* **Information supplied**
####

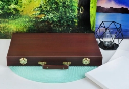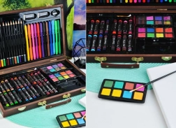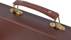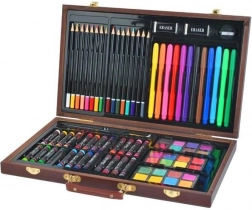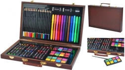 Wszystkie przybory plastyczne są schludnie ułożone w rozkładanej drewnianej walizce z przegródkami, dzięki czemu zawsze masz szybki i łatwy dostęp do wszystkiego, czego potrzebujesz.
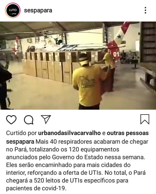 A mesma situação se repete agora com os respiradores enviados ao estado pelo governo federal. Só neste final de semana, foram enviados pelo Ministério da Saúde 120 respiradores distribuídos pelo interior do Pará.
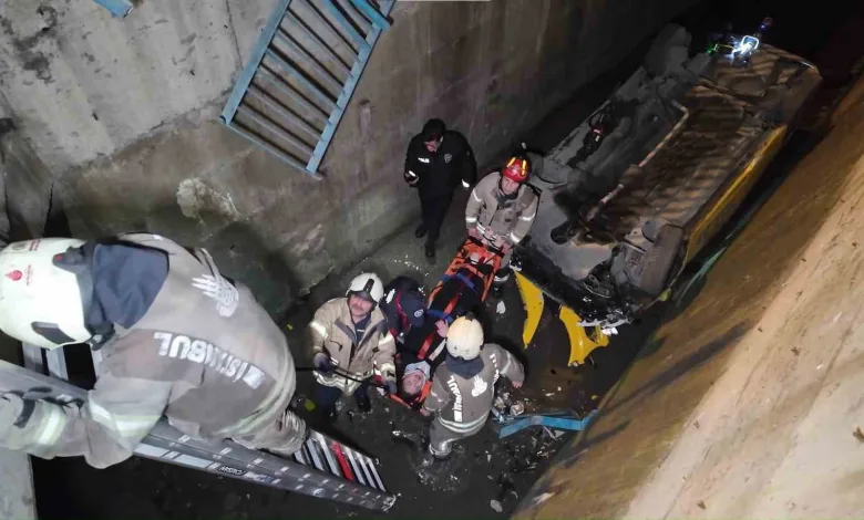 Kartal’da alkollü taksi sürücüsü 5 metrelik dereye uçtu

####

* **Problem**
Reproduce every line of the material above, but drop the pictures.

* **Response**
 Wszystkie przybory plastyczne są schludnie ułożone w rozkładanej drewnianej walizce z przegródkami, dzięki czemu zawsze masz szybki i łatwy dostęp do wszystkiego, czego potrzebujesz.
 A mesma situação se repete agora com os respiradores enviados ao estado pelo governo federal. Só neste final de semana, foram enviados pelo Ministério da Saúde 120 respiradores distribuídos pelo interior do Pará.
 Kartal’da alkollü taksi sürücüsü 5 metrelik dereye uçtu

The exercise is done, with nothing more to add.